Second, the story: a rock & roll Rashomon recounting how four fellas from Joisey made it from the street corner to the top of the music biz, only to stand in the shadow of the Beatles and see their friendships crumble under financial strain. The earthy and efficient book (by Marshall Brickman and Rick Elice) gives each group member a “season” to tell his side of the story.

Tommy DeVito, a two-bit crook from Belleville with big ambitions, exits the revolving door at Rahway State Prison and assembles the group from neighborhood friends. DeVito hustles through the ’50s for their first successes, and then runs afoul of friends with vowel-ending last names who funded the foursome in exchange for a four-figure vig.

DeVito finds Bob Gaudio, a songwriting wunderkind (he wrote the hit “Who Wears Short Shorts” at 15 and dropped out of high school to tour) whose work with flamboyant producer Bob Crewe brought the Four Seasons to the top of the charts. Nick Massi, the deep-voiced bassist, is torn between his two loves – music and the bottle – and constantly muses about starting his own band. At the center is Valli, whose angelic voice made their music indelible; his dueling relationships with “big brother” DeVito and “little brother” Gaudio drive the wedge that ultimately splinters them.

The play isn't perfect -- the French hip-hop prologue has dated badly, and the act break is still awkward -- but it's as close as you'll find in this age of cash-grab jukebox musicals and movie remakes. In the current tour, Haden Milanes recreates Frankie's famous falsetto and fluid dance moves to a T, and Adam Zelasko nails Nick Massi's humorous pathos as the group's "Ringo." Nicholas Dromard lays on the "old neighborhood" schtick a little thick as Tommy DeVito, but the chatty Jersey ex-pats sitting next to me loudly approved of his pungent patois, and Quinn Vanantwerp's fresh-faced Bob Gaudio is guileless enough to be an extra in Book of Mormon.

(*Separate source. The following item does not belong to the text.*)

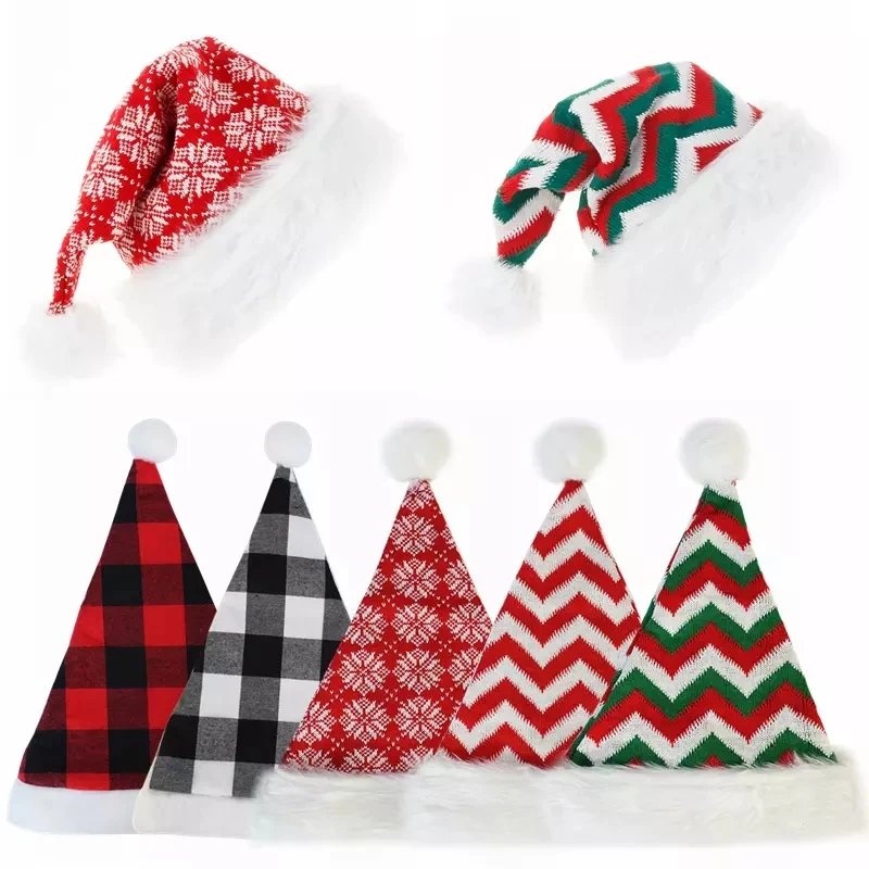 Модные рождественские шапки для детей и взрослых, 1 шт., теплые вязаные плюшевые шапки, шапка Санта Клауса для дома, рождевечерние, новогодние украшения

If you remember the original tour, you may notice how some formerly-realistic moments have become slightly stylized, and once-sharp choreography is now slightly sloppy, as often happens in long-running shows. But McAnuff's seamlessly flowing staging, supported by Michael Clark's pop-art projections, remains among the best I've ever seen. While choreographer Sergio Trujillo confines the explicit dance steps to realistic contexts, McAnuff’s blocking makes every book scene a ballet, with the slightest background movement marked and measured.

It’s so slick that some sensitive emotional moments end up slightly stripped of spontaneity. But when the first act climaxes with a spectacularly simple illusion that places you onstage behind Boys, staring into a sea of stage lights and flashbulbs, all flaws are forgotten in a flood of theatrical wonder. This marvel of theatrical craftsmanship is not to be missed; when the tour leaves town, you’ll be “Beggin’” in vain for them to “Stay (Just a Little Bit Longer).”